Among the markedly up-regulated differentially expressed miRNAs, miR-150–5p ranked second, which was previously reported to regulate macrophages polarization. We then rectified that the expression of miR-150–5p in LPS-Exo was significantly higher than that in Exo using qRT-PCR ( Figure 4G ). Additionally, macrophages treated with LPS-Exo exhibited higher expression of miR-150–5p ( Figure 4H ).

To investigate the functional role of miR-150–5p in LPS-Exo in vivo, we transfected MSCs with miR-150–5p inhibitor or NC prior to LPS stimulation. The exosomes were extracted and named inhibitor LPS-Exo or NC LPS-Exo, and the transfection efficacy was validated by qRT-PCR ( Figure 5A ). We then established an LPS-induced sepsis model and treated via tail vein injection with inhibitor LPS-Exo, NC LPS-Exo, or PBS. The survival rate of septic mice treated with the inhibitor LPS-Exo was significantly lower than that of mice treated with the NC LPS-Exo ( Figure 5B ). ELISA also showed that the protective effect of LPS-Exo on the release of proinflammatory cytokines was blocked by miR-150–5p inhibition ( Figures 5C, D ). Notably, pathological examination showed that downregulation of miR-150–5p in LPS-Exo led to a notable aggravation of the histological damage of organs ( Figures 5E-H ). Collectively, these data demonstrated that LPS-Exo delivers miR-150–5p alleviates sepsis.

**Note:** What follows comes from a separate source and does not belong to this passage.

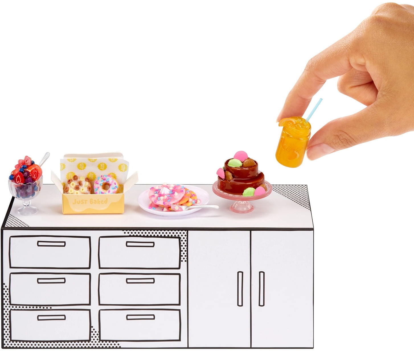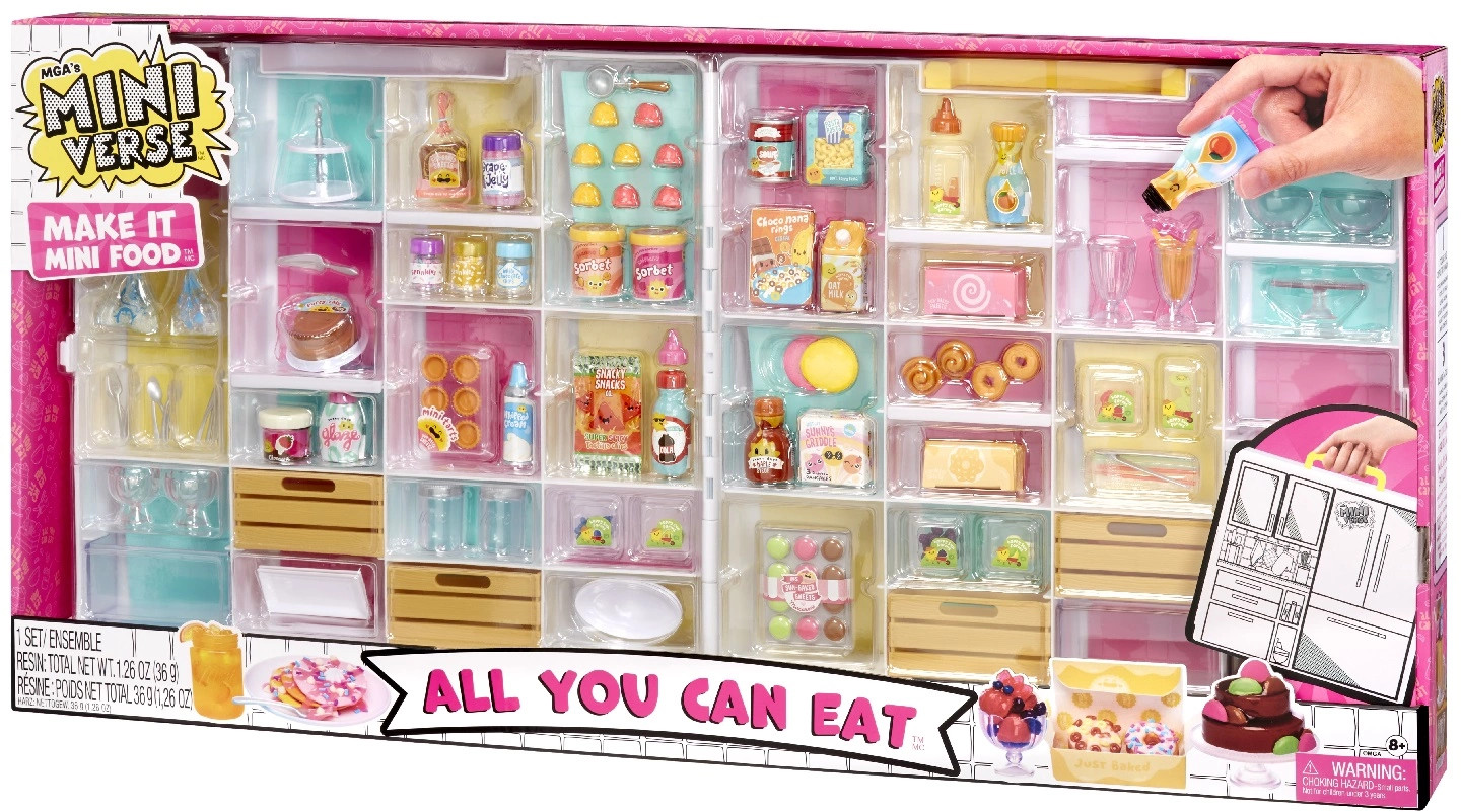 Добро пожаловать в мир «MGA’s Miniverse»! Впервые у тебя есть уникальная возможность не просто собрать игрушечные мини-версии известных блюд и напитков от бренда «MGA’s Miniverse», но и создать все это своими руками! В Большом наборе «Еды» ты найдешь более 100 ингредиентов и кухонных аксессуаров, позволяющих создавать собственные мини-версии любимых закусок и десертов!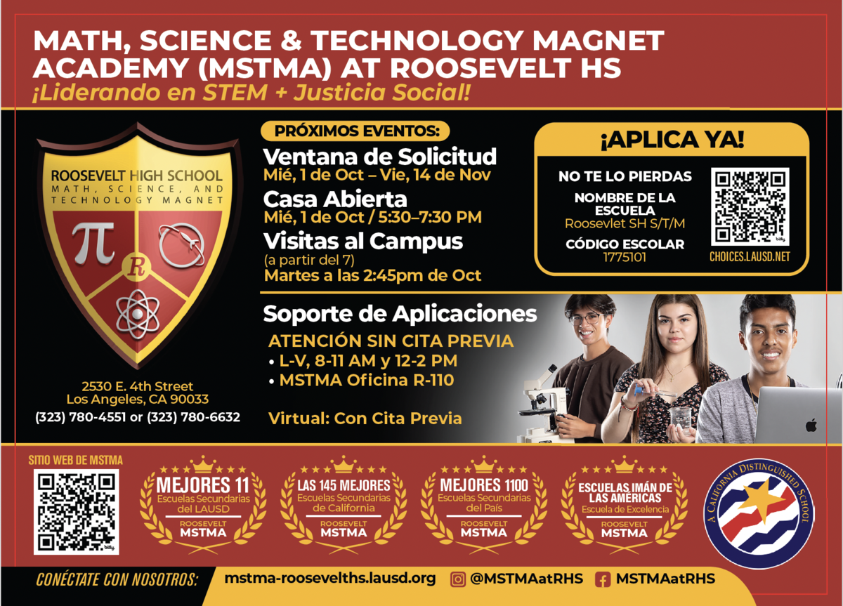 ¡La Academia Magnet MSTMA en Roosevelt High School invita a todas las familias con estudiantes de 8vo grado (Clase de 2030) a nuestra Casa Abierta el mismo día que abre la ventana de solicitud de Choices para el año escolar 2026–2027!

To elucidate the mechanism through which miR-150–5p mediates macrophage polarization, bioinformatics analysis was performed to investigate the putative target genes of miR-150–5p. As predicted by miRanda and RNAhybrid databases, miR-150–5p conserved the binding site in the 3’UTR of insulin receptor substance 1 (Irs1) that was a positive regulator of the PI3K/Akt/mTOR signaling pathway ( Figure 6A ). The dual-luciferase reporter assay was conducted to validate our bioinformatic predictions, and the results indicated that luciferase activity was significantly decreased by miR-150–5p overexpression in Irs1 WT 3’UTR group, but not in MUT 3’UTR group ( Figure 6B ). Furthermore, the protein expression of Irs1 was decreased in LPS-Exo-treated macrophages, which was reversed by transfection with miR-150–5p inhibitors ( Figures 6C , 7B ). Altogether, these data suggested that miR-150–5p could inhibit Irs1 by directly binding with the 3’UTR of Irs1.

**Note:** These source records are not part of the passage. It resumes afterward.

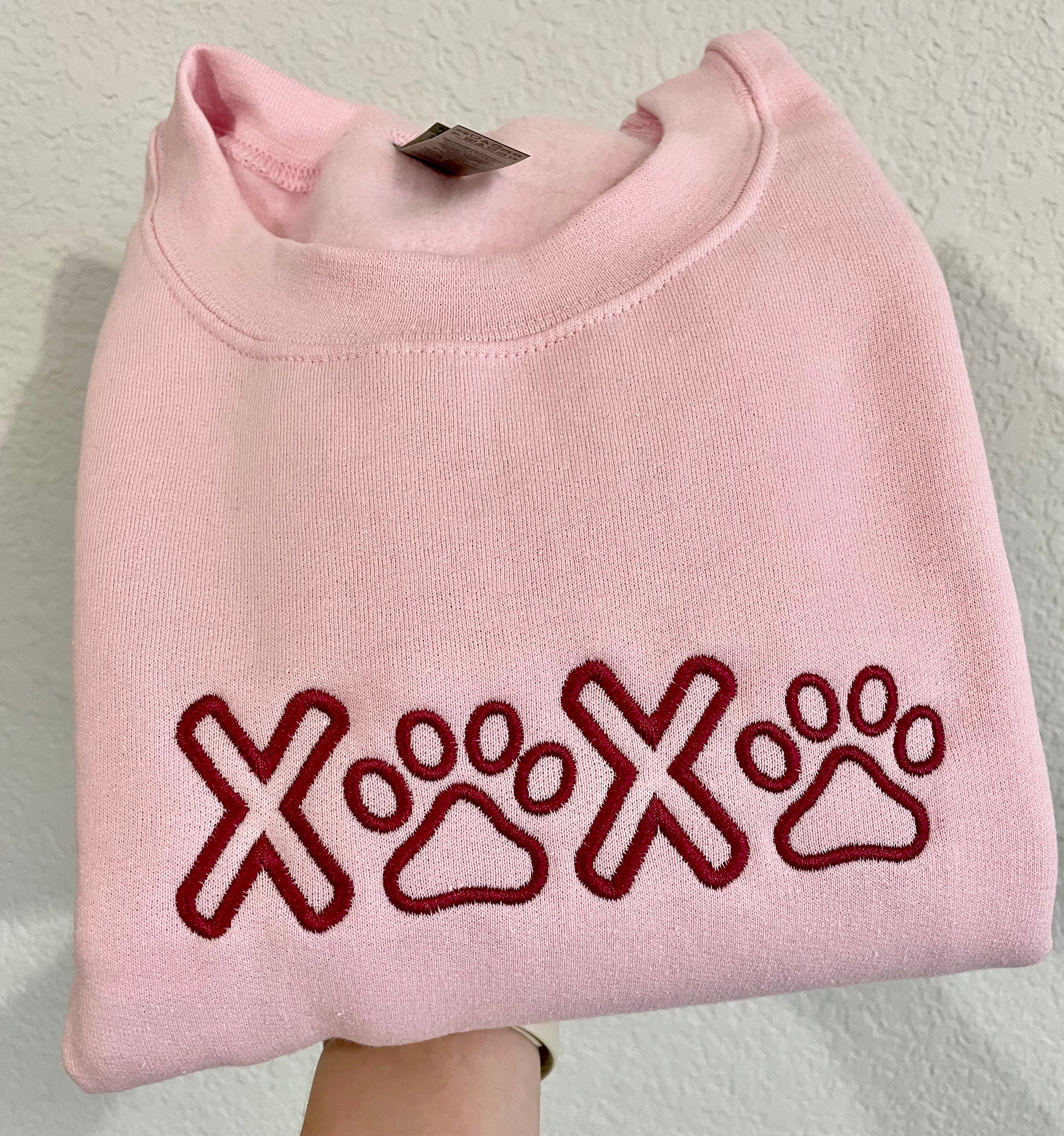 Light Pink Embroidered CrewneckOur simple and sweet embroidered crewnecks are the perfect dog mom accessory for everyday wear. Choose a pre-designed style or customize your wording to fit your dog mom vibe! (max 20 characters). Custom wording is one line across the chest. See product pictures for some cute suggestions or message me for advice :)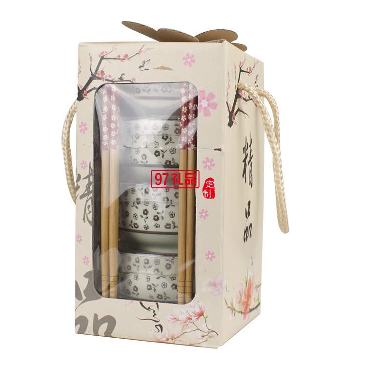 陶瓷豎款4碗筷套裝商務活動禮品logo定制結婚回禮公司活動禮品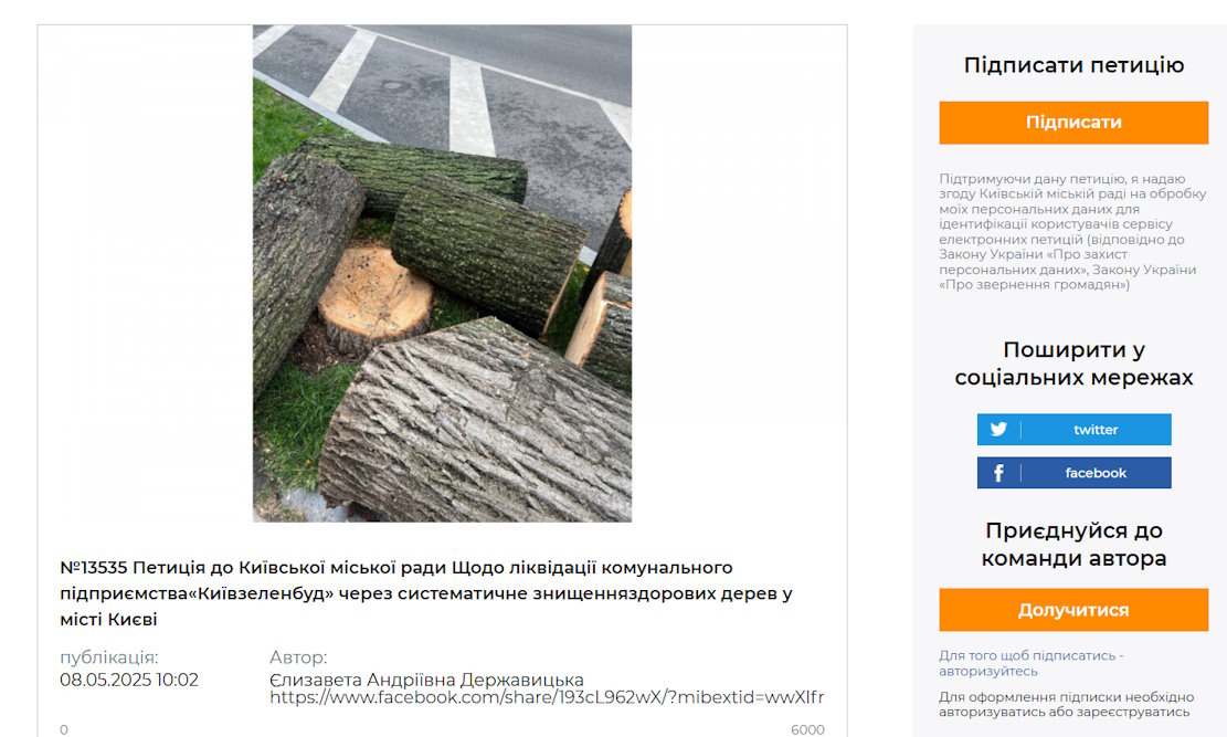 Обурені знищенням зелених насаджень, кияни створили петицію з вимогою ліквідувати «Київзеленбуд» — підприємство, яке, на їхню думку, замість догляду за парками й скверами, систематично нищить зелені зони столиці.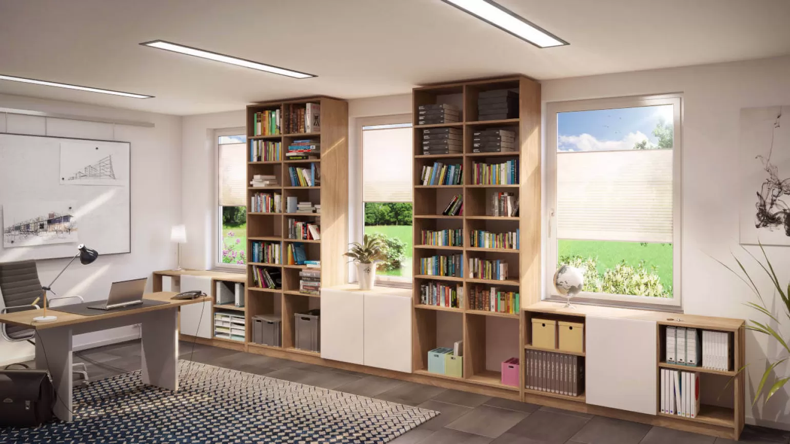 Die Aktenregale nach Maß fügen sich harmonisch in die Raumsituation ein und werden mit den Kommoden ergänzt.

Studies have revealed the PI3K/Akt/mTOR signaling pathway is strongly associated with macrophage polarization, which can be positive regulated by Irs1. We hypothesized that miR-150–5p modulates the PI3K/Akt/mTOR pathway by targeting Irs1, which correspondently regulating macrophage polarization. To confirm our hypothesis, we employed western blotting to examine the expression levels of key proteins in the PI3K/Akt/mTOR pathway and noticed that the phosphorylation levels of PI3K, Akt, and mTOR were decreased after LPS-Exo treatment ( Figures 6C-F ). In contrast, transfection with miR-150–5p inhibitor ( Figure 7A ) prior to culturing with LPS-Exo significantly increased the phosphorylation of PI3K, Akt, and mTOR ( Figures 7B-E ). In addition, the inhibition of miR-150–5p reversed the upregulation of M2 macrophage markers and the downregulation of M1 markers induced by LPS-Exo ( Figure 7F ). We demonstrated that LPS-Exo transferred miR-150–5p to macrophage, and modulated the polarization and inflammatory response of macrophage by down-regulating PI3K/Akt/mTOR pathway via targeting Irs1.